It seems to me that
the most useful contribution of theatre and performance to the circumstances of
9/11 has altered dramatically as time has passed from the date of the event. I’m
still not sure, as Jess writes in her post, that enough time has passed to truly
represent the event through art in any sort of productive, critical, or successful
way (I’m not even sure what those would look like). But I do think that there
has been a shift in art’s response to the event over the past eleven years.
At first, in the
days and weeks immediately following the event, it did seem like “escape” might
have been the most useful function of theater and entertainment. But maybe not
a normal type of escape – the theatrical trance that Brecht abhors. The escape
offered after 9/11, as is evident from our readings for this week, had an
important and necessary memorial element to it. The examples from the NY Times
article, “Lights On, Broadway Dispels the Dark,” of casts singing songs like
“God Bless America” with the audiences before and after the shows, or Jon
Stewart’s apology for “another entertainment show beginning with an overwrought
speech of a shaken host” – these performances importantly did not ignore what
had happened. Rather, they paid homage to the event and the country during the
difficult time, but then went on entertaining. Sure, as A-J Aronstein points
out in his article on SplitSider, comedy in the immediate aftermath was much
more subdued and was grounded in a sense of sincerity that we might not
normally associate with it. But Broadway was back up and running in two days. Jennifer
DeVere Brody, as she writes in the “Forum on Tragedy,” went to the theater
literally the same day she visited ground zero for the first time. I’m not at
all arguing that Brody or Broadway are somehow being disrespectful to the
sacredness surround the events of 9/11. In fact, I think performance, in the
immediate aftermath of the event and because
of its acknowledgment of and reverence for what happened, provided a very
important outlet for people throughout the country to immerse themselves in
sheer entertainment.
Now that eleven
years have passed, though, I believe (or hope) we’re starting to gain a
different, more critical perspective to the events that occurred. Very shortly
after the events, in her 2003 book The
Archive and the Repertoire, Taylor points out many of the problematic
patterns surrounding the political response to 9/11 – “Women were noticeably
absent that first week…Should the instant feminization of loss surprise us? Or
the masculinist rush to save the day” (Taylor 244). Similarly, the responders
in the “Forum on Tragedy,” published a little over two months after the event,
are already able to maintain enough critical distance to evaluate whether or
not we should be labeling the event as a “tragedy.”
However, this
temporal distance might already be doing the memory of this event a disservice.

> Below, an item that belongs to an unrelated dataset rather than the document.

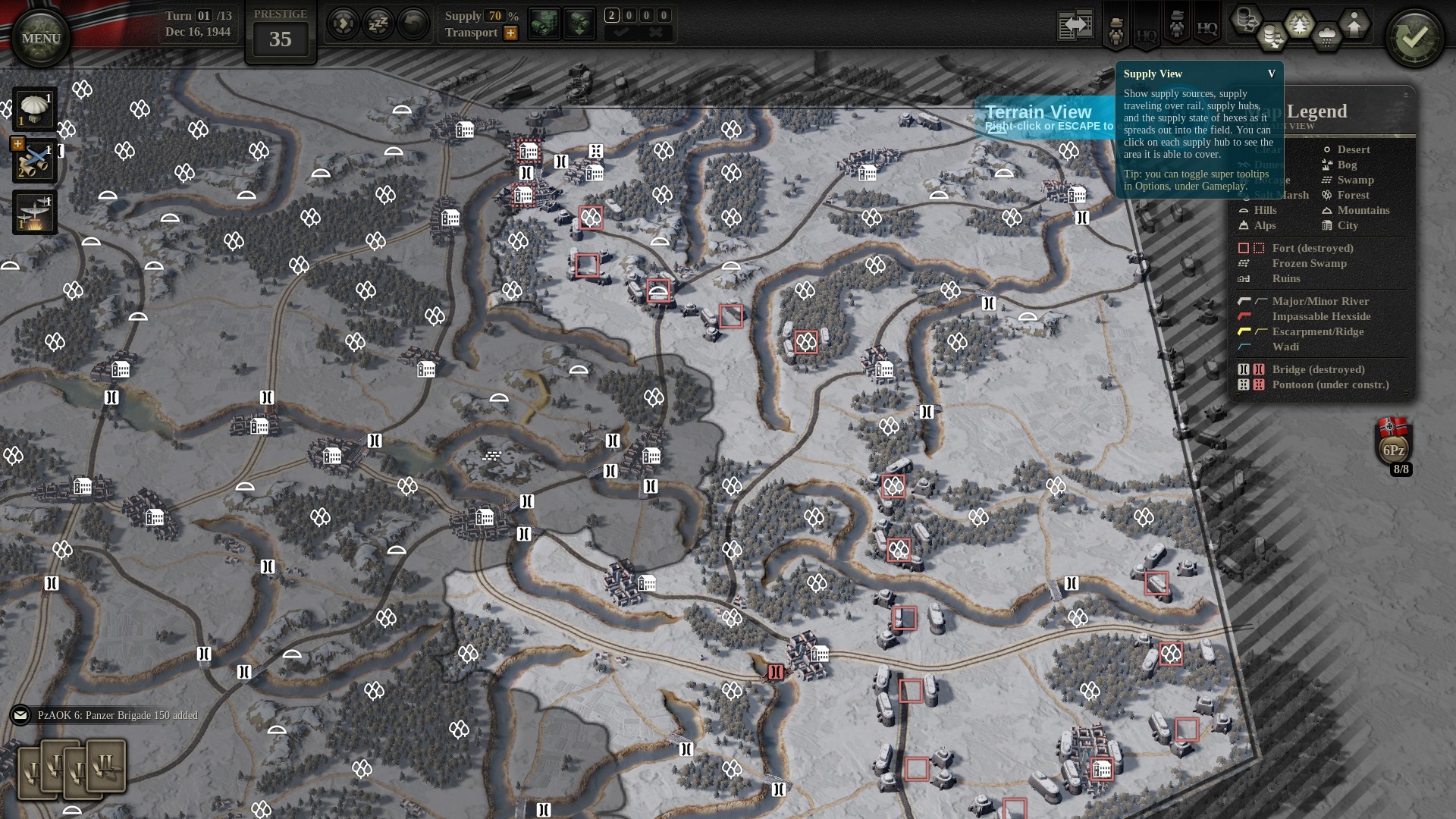 I’m not going to do a whole spiel about Supply. Both wargames and wargamers generally know the ins and outs of supply. Your unit’s in supply, it behaves normally… out of supply, it’s generally in trouble.

In her article “The Theater of 9/11,” Diep Tran articulates her response to the
“Pieces of Paper” multimedia piece by Michael Simon Hall: “I experienced a
quiet thoughtful evening that did not inspire tears but rather, a feeling of
wonder; wonder for that universal sense of human compassion and how effective
art can be in contextualizing, making sense of tragedy and eventually moving
forward from it.” First, I cannot believe that this single piece of performance
art allowed Tran to effectively “make sense of the tragedy and move forward
from it.” It seems reductive to believe that one piece of art could effect such
a transformation. Second, the “sense of human compassion” that Tran describes
might very well have been a factor in the large-scale volunteer movements
immediately after 9/11 that “Pieces of Paper” memorializes, but by describing
this sense as “universal,” I worry that we’re already starting to idealize the
national response to the event qua Roach.
“Selective memory requires public enactments of forgetting…more desperately to
exaggerate [the calamities] in order to mystify a previous Golden Age, now
lapsed” (Roach 3). There were plenty of American reactions after the event that
seemed to have very little to do with human compassion. Isn’t it equally
important that we remember and reflect on those reactions?
It seems important
to me that we find the right balance between acknowledging and respecting the
personal trauma that we all experienced very directly or indirectly on that
day, and maintaining enough critical distance to allow us to use an effective
medium like performance to evaluate the political, social, and personal responses
in the immediate aftermath of the event. I don’t know that we’ve succeeded in
dealing with either of these perspectives on their own as of yet, so any sort
of balance between the two is merely a hope for the very distant future.